#### Task statement
Your copy of the listing should be exact and should contain no pictures.

#### Recorded information
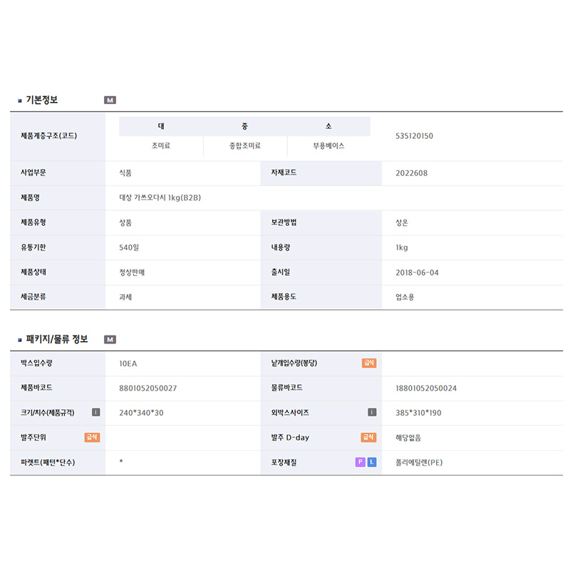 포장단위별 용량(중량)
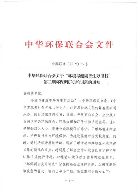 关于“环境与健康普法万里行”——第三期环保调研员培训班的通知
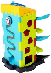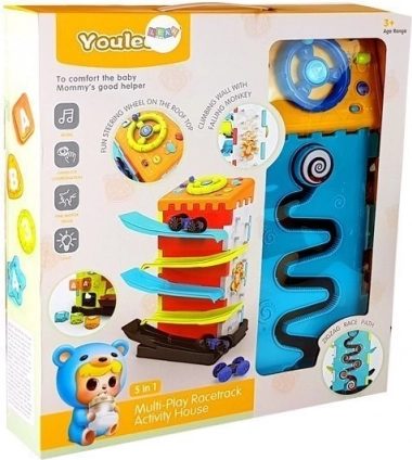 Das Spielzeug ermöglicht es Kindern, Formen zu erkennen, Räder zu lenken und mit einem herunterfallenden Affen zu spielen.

#### The completed task
 포장단위별 용량(중량)
 关于“环境与健康普法万里行”——第三期环保调研员培训班的通知
 Das Spielzeug ermöglicht es Kindern, Formen zu erkennen, Räder zu lenken und mit einem herunterfallenden Affen zu spielen.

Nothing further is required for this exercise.